Segundo ela, ir para a rua lutar por liberdade faz parte da sua identidade. “Eu sempre senti necessidade de participar de grupos ou movimentos sociais. Quando surgiu a proposta de realizar a Marcha das Vadias em Campinas eu nem pensei duas vezes, porque se ser livre é ser vadia, somos todas vadias. Sou uma mulher que se considera livre para fazer o que bem entende, mas não é fácil lidar com as amarras sociais às quais somos submetidas”. P.G ressalta a importância das mulheres se unirem: “Não consigo me imaginar vivendo sem estar em um coletivo feminista. Mulheres são como as águas, crescem quando se encontram. A gente se ajuda, compartilha, aprende, divide. Participar de grupos de mulheres é emancipador!”.

P.G. relembra com tristeza e revolta da tentativa de estupro que sofreu na Praça do Coco (Campinas) no dia 03 de março, quando estava no Bloco Barão Geraldo com suas amigas. “Do nada, literalmente do nada, jogaram na gente gás lacrimogênio, bombas e balas de borracha. Foi um horror. Primeiro não sabíamos o que estava acontecendo, logo estávamos sendo empurrados e nossa integridade física estava sendo ameaçada pelo braço violento do Estado, que a princípio deveria nos proteger”, relembra. “Isso foi noticiado nos jornais, mas não noticiaram o momento em que senti mãos apertando meus braços, outras mãos me puxando e me vi sendo levada por três caras para um canto. Entrei em desespero, eles eram três e eu era apenas uma. Eles eram três homens acostumados a utilizar sua força, seus corpos, para conseguir o que querem”.

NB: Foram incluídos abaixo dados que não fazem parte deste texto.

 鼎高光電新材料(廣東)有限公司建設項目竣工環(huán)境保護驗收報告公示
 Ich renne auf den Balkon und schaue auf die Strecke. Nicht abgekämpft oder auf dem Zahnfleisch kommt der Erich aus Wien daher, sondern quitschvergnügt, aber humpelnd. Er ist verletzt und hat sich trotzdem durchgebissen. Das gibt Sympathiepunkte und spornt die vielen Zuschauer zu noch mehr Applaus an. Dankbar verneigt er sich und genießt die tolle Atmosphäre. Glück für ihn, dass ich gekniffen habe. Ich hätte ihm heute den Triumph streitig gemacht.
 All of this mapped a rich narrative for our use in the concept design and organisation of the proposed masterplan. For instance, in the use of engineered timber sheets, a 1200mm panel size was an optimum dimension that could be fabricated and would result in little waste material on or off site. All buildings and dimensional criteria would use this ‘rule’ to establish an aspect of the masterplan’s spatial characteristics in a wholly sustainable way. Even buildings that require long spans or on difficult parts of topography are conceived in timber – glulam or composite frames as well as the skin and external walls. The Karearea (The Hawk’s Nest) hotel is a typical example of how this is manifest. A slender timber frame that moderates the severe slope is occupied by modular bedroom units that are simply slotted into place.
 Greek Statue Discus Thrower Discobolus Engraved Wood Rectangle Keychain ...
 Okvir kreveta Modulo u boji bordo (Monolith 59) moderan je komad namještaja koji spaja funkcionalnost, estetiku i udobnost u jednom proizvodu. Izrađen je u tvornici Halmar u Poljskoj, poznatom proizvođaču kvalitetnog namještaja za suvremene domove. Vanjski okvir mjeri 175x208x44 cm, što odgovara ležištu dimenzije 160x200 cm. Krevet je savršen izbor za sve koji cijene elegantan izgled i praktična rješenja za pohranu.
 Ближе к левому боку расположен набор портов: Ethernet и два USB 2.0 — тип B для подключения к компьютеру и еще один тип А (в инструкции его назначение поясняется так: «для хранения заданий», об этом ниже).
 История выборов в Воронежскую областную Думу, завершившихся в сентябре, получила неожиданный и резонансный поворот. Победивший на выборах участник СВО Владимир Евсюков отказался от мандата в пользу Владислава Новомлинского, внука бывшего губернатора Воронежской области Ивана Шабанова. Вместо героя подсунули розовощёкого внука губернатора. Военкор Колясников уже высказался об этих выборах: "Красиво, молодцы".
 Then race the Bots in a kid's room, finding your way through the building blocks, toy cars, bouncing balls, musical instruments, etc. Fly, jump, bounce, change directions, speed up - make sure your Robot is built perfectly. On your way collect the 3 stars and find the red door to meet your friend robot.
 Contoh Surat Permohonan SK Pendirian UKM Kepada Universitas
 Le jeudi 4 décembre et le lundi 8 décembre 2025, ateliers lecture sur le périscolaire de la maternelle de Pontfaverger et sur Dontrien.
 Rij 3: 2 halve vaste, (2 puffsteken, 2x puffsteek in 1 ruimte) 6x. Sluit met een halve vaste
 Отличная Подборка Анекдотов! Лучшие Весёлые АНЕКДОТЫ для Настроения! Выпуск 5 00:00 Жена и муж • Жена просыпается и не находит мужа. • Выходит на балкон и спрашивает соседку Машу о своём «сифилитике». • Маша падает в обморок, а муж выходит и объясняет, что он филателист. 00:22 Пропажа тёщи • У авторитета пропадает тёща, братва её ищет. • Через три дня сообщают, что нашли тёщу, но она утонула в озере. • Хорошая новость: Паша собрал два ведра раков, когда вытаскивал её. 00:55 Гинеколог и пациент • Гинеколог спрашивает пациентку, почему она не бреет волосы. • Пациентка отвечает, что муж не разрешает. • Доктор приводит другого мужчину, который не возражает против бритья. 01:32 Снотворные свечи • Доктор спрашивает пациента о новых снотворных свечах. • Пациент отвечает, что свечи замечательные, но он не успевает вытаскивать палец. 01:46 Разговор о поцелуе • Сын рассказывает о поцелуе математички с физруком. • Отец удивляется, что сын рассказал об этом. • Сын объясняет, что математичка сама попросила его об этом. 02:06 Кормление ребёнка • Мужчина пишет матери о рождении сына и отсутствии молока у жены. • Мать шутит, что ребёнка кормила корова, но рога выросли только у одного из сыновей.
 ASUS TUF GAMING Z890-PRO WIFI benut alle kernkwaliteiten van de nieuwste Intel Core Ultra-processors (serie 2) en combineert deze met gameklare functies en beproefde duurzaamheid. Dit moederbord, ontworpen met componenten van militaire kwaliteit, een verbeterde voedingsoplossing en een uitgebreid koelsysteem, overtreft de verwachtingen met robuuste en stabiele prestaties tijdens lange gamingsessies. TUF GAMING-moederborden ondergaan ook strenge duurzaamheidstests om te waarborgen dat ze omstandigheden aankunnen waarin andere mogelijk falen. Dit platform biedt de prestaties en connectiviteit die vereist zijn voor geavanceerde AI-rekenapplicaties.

P.G. não conseguia se defender, ela estava presa naquela situação tenebrosa. “Eles me deram muitos tapas na cara, me bateram, me chutaram, me jogaram contra a parede. E quando não conseguiram abrir o meu short jeans, ficaram mais agressivos. Só consegui sair correndo porque caiu uma bomba próxima da gente e eles se assustaram”.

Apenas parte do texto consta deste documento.